When asked how she makes sense of her unconventional career path, teaching and lecturing outside the academy and via social media, Ms. Cargle said, “the two greatest gifts that my mother ever gave me was curiosity and my love of reading.” In between soccer practice and Girl Scout meetings in Green, Ohio, in a childhood she described as “very good and pretty lovely,” it’s fairly easy to connect the dots to her current race-related work. She spent hours poring through encyclopedias and reading whatever her mother had lying around the house, like Maya Angelou and Sister Souljah. “I always considered being either a teacher or a lawyer,” she said.

“We lived in Section 8 housing inside of a very rich suburb,” she said, which made her hyper-aware of the social and economic differences between her white classmates and herself. Despite getting the same grades and participating in the same after-school activities it became clear, she said, that “there’s something about us that’s different but there’s nothing about me that makes me less worthy.”

This chasm only became more stark in middle school.

One of Ms. Cargle’s earliest memories of race was in the sixth grade. She was told by her crush, who was white, that they’d never be a couple because she was black. Though she laughs now about the innocence of a first crush, the sting still lingers.

Left to fester, this treatment crystallizes into shame and a sense of inferiority, but for Ms. Cargle that wasn’t the case. “My mom taught me that I deserved to be heard and treated fairly and not to back down from people who were in power,” she said. She was encouraged to use her voice to fight for justice, no matter the power dynamics at play, and to work to be a part of conversations.

After high school Ms. Cargle spent two years at the University of Toledo. She recalled being blown away in her first anthropology and sociology classes on campus. “There were all these aspects of society I hadn’t considered and I was given a critical lens to start to consider how I exist in the world, how I relate to others,” she said.

She briefly attended Columbia University in 2018. “It gave me a dynamic classroom experience and I did learn a lot from my time there,” she said. She left the university following a racist incident that took place on campus in 2019. While she doesn’t credit her formal education to how she teaches, “the Columbia classroom gave me tools on how to best facilitate meaningful conversation.”

“I recognized there was no way I would be able to move through the world without social justice being a part of my work because it was a part of who I am existing in a black body, a female body,” Ms. Cargle said.

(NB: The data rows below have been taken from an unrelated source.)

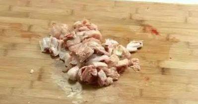 然後,將雞肉洗凈切成塊,蔥切成段,薑切成片,蒜苗剝皮洗凈後切成段,備用。
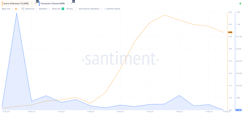 Trong khi Arbitrum đã trở thành tiêu đề cho việc áp dụng ngày càng tăng và hoạt động on chain tăng lên. Mặc dù số lượng địa chỉ trên chuỗi tăng, nhưng khối lượng giao dịch ARB vẫn tiếp tục giảm.
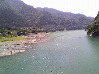 ちょうどそこは小さな沢が流れ込んでいるところで、水遊びを楽しむ人がいた。私たちも裸足になって水に入り、疲れた足を癒していた。足だけでも、水につかればかなり涼しく感じるものだ。
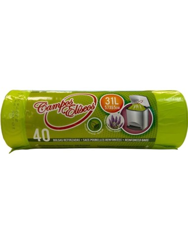 Bolsas de basura Campos Elíseos 57x65 cm, color verde, con cierre fácil. Capacidad de 31L y pack de 40 unidades. Resistencia y comodidad en el uso diario.
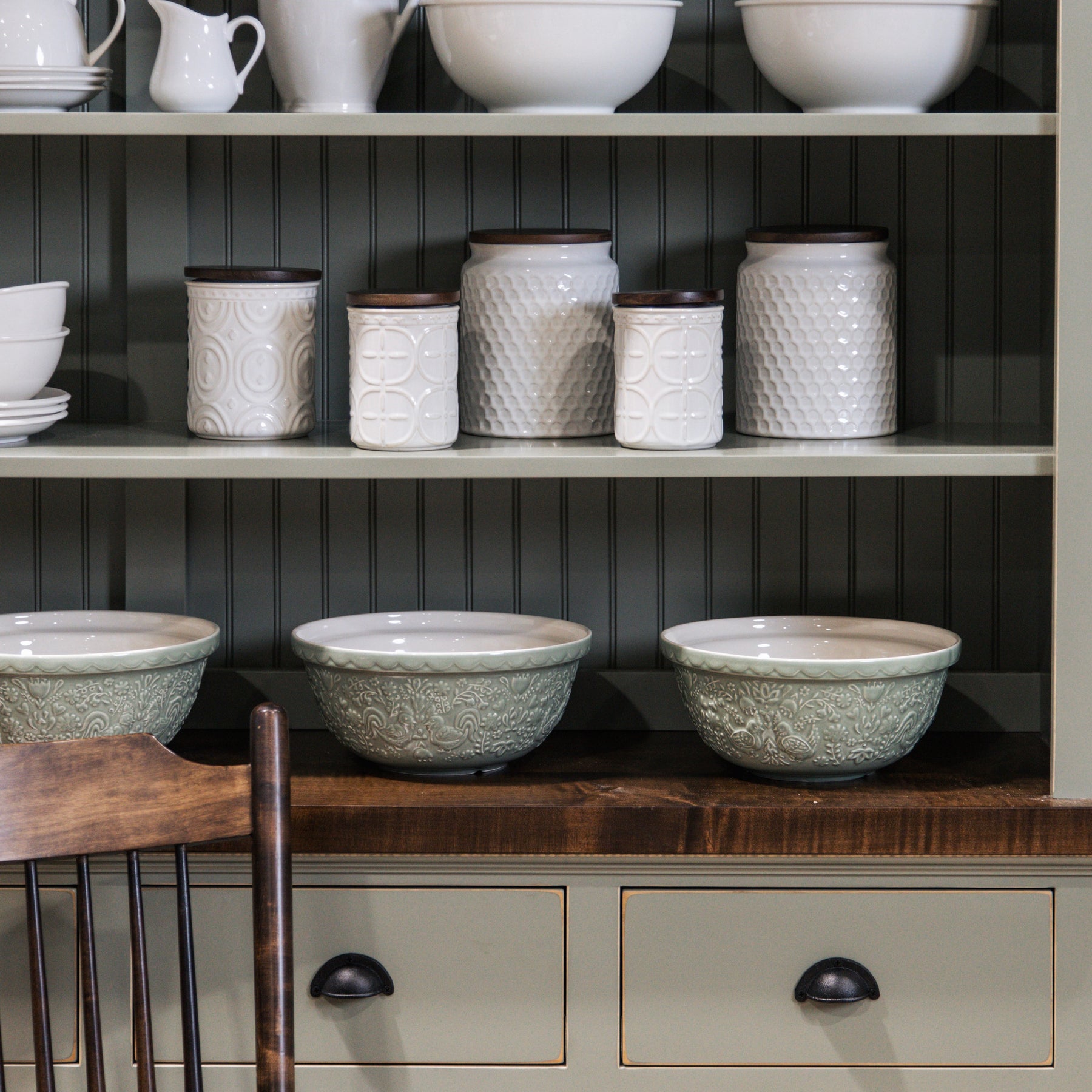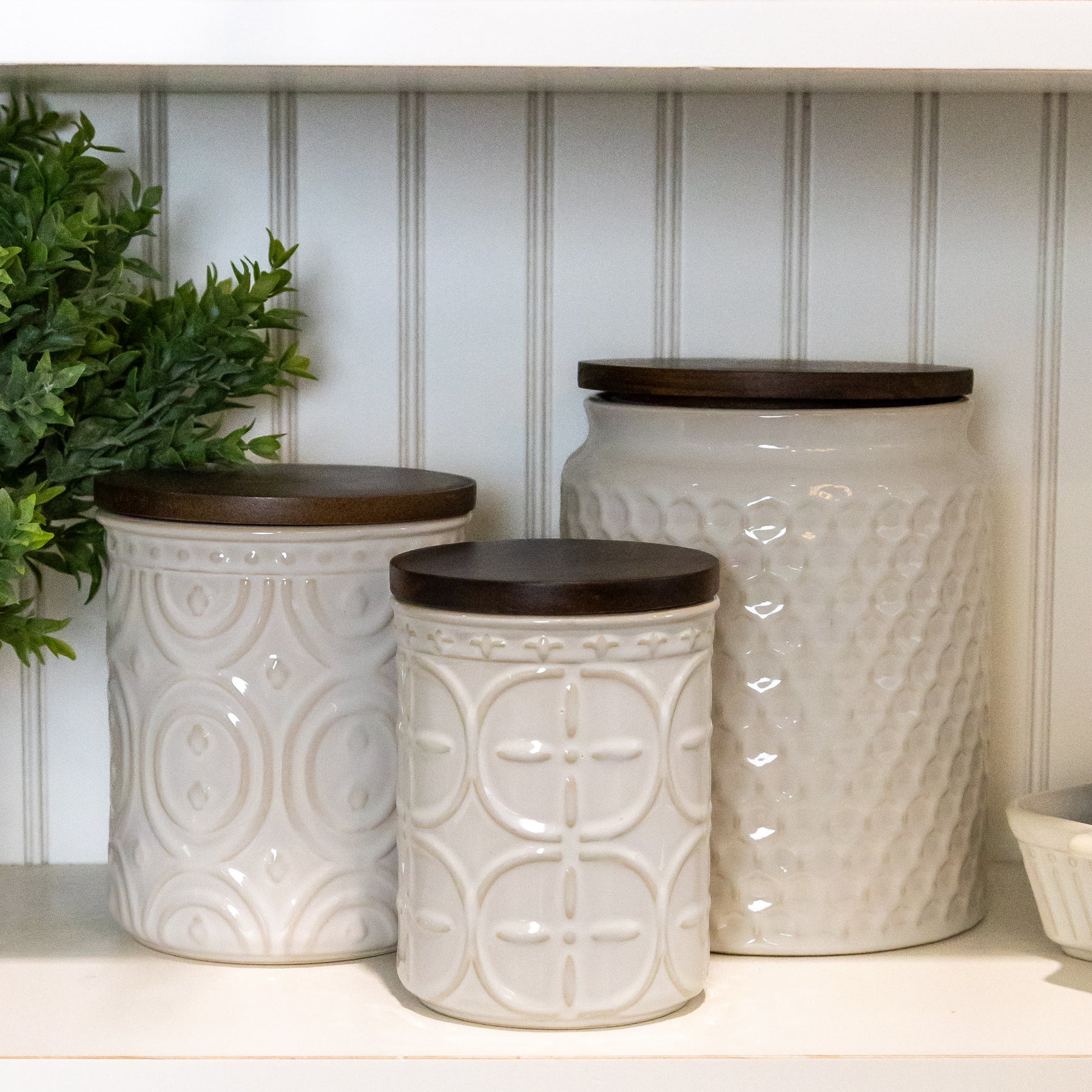 A beautifully embossed ceramic canister featuring a soft pattern, topped with a smooth wooden lid that adds warmth and natural charm. Its clean white finish and textured detailing make it an elegant yet functional piece—perfect for storing pantry staples or adding a decorative touch to your kitchen counter.
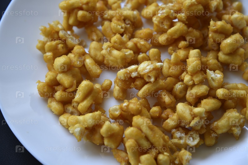 Сладкая закуска чак-чак в упаковке на белой тарелке. Медовая закуска из теста крупным планом

While she’s unwaveringly committed to fighting for justice, fighting does get exhausting. In an effort to skirt the often dire physical and emotional implications that social justice work can have — like in the case of activist Erica Garner, daughter of Eric Garner, who died at just 27 — she holds steadfast to the mantra that rest is a part of the revolution.

“In a world that’s constantly putting black people in a space of exhaustion, lack, labor, both physical and emotional, so I’m really leaning into the reality that me resting my black body, my black heart, my black mind is just as a part of the revolution as any other part of my work,” she said.

She’s also leaning into joy.

That means: Laughing often, calling friends, going through pictures, reminiscing about funny stories with the black people in her community. Her foundation, the Loveland Foundation, is work that is also for her another source of joy.

“Black women are the bedrock of so many aspects of our community, our homes, our churches, our neighborhoods,” Ms. Cargle said, “and so I have the gratefulness that the foundation is giving women healing which will undoubtedly give healing to every other aspect of the black community.”